"""
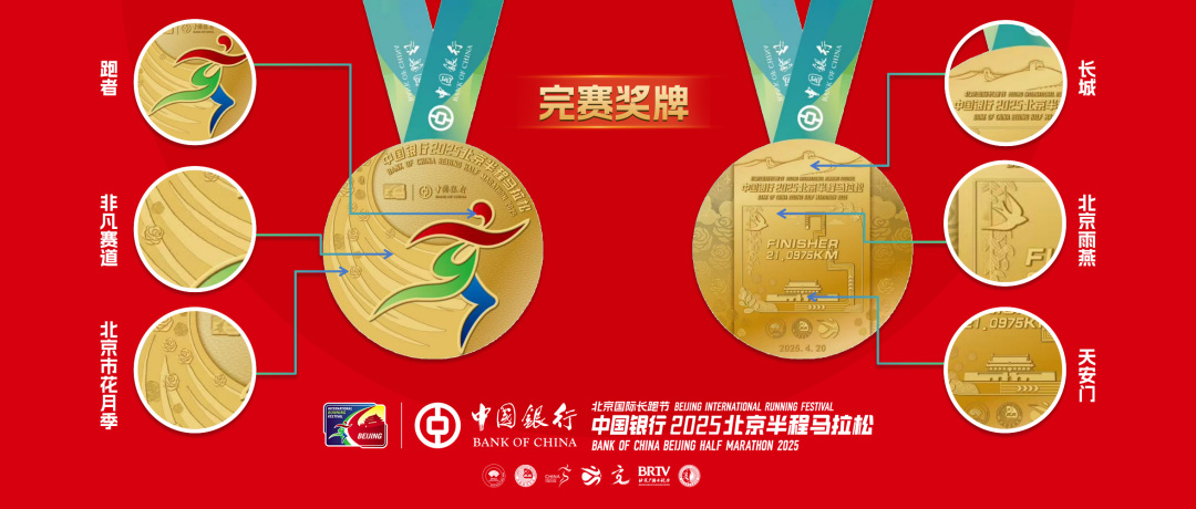 2025年北京半程马拉松完赛奖牌由中国印钞造币集团有限公司(上海造币有限公司的控股公司)设计并生产,以匠心设计诠释了赛事主题“一城春色半程诗”。奖牌正面展示的是长跑节logo中的跑者,同时还采用流动的线条勾勒出了跑道的轨迹,轨道上点缀着北京的市花月季,错落有致地分布,形成一条繁花似锦的奔跑之路。奖牌背面中心区域雕刻着天安门到鸟巢的“非凡赛道”,上方是雄伟的长城,同时四周环绕着绽放的繁花与舒展的新枝,交织出一幅春意盎然的画卷。而振翅高飞的北京雨燕,是速度和耐力的象征,也寓意着城市与自然和谐共生的马拉松理念。
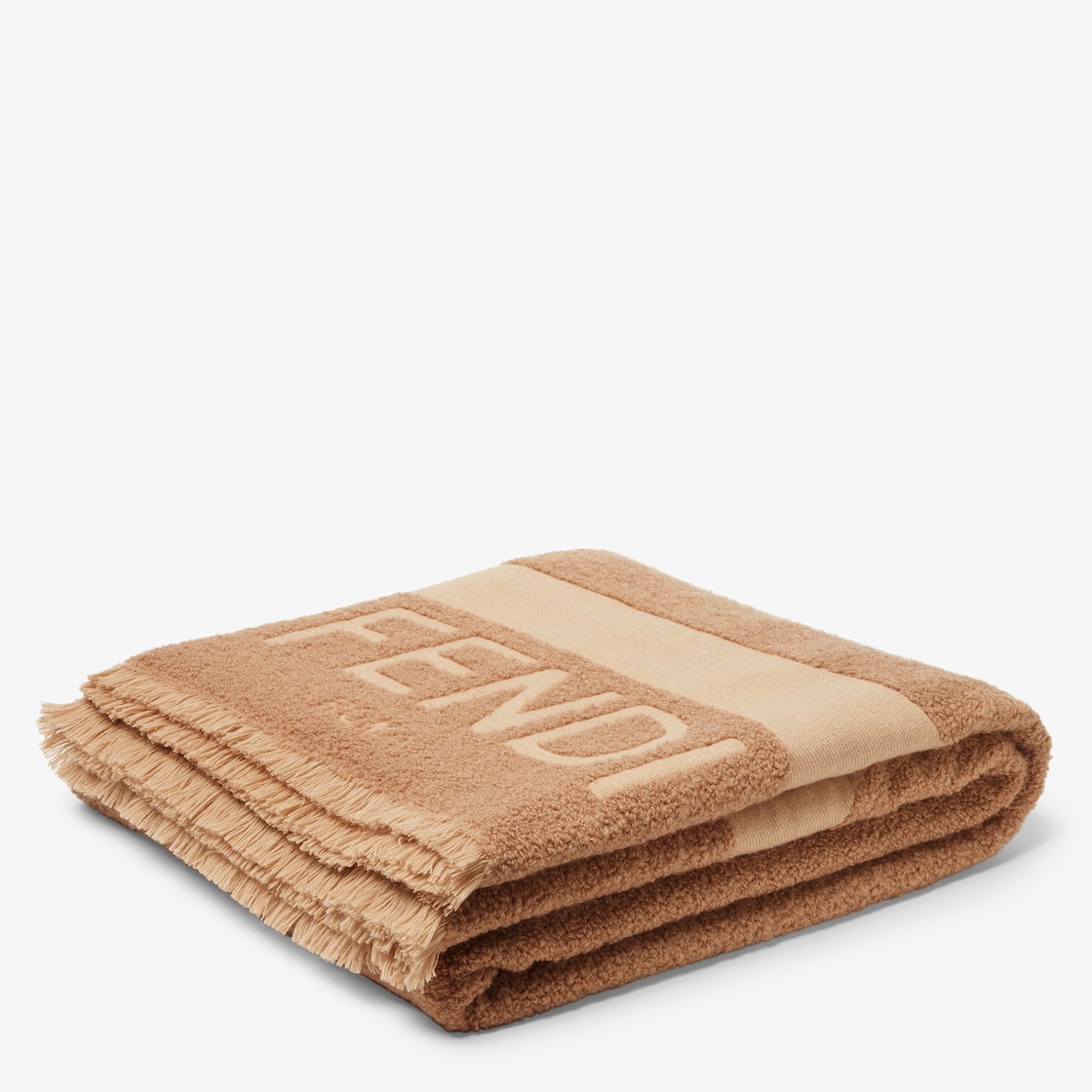 Manta rectangular de cashmere bouclé y lana fina con una sofisticada textura diagonal. Está inspirada en el sofá de Fendi Casa del mismo nombre y se caracteriza por reinterpretar las icónicas FF de FENDI, transformándolas en un perfecto abrazo entrelazado. La combinación de la mezcla de elaboraciones en tonos marrón claro y beige crea un efecto táctil increíblemente agradable, así como un equilibrio ideal entre elegancia y comodidad. Modelo acabado con pequeños flecos en los extremos.
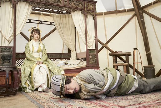 劉備(大泉洋)は、親を董卓(佐藤二朗)に殺された貂蝉(渡辺直美)が色仕掛けで董卓と呂布(岩田剛典)を仲違いさせる計略を『三角関の計』と。(そのまんまや!)
"""
__Problem__: Could you return, word for word, every line from the line with "Manta rectangular de" through the last line of the listing above, both ends included, without any pictures?

__Exercise answer__:
 Manta rectangular de cashmere bouclé y lana fina con una sofisticada textura diagonal. Está inspirada en el sofá de Fendi Casa del mismo nombre y se caracteriza por reinterpretar las icónicas FF de FENDI, transformándolas en un perfecto abrazo entrelazado. La combinación de la mezcla de elaboraciones en tonos marrón claro y beige crea un efecto táctil increíblemente agradable, así como un equilibrio ideal entre elegancia y comodidad. Modelo acabado con pequeños flecos en los extremos.
 劉備(大泉洋)は、親を董卓(佐藤二朗)に殺された貂蝉(渡辺直美)が色仕掛けで董卓と呂布(岩田剛典)を仲違いさせる計略を『三角関の計』と。(そのまんまや!)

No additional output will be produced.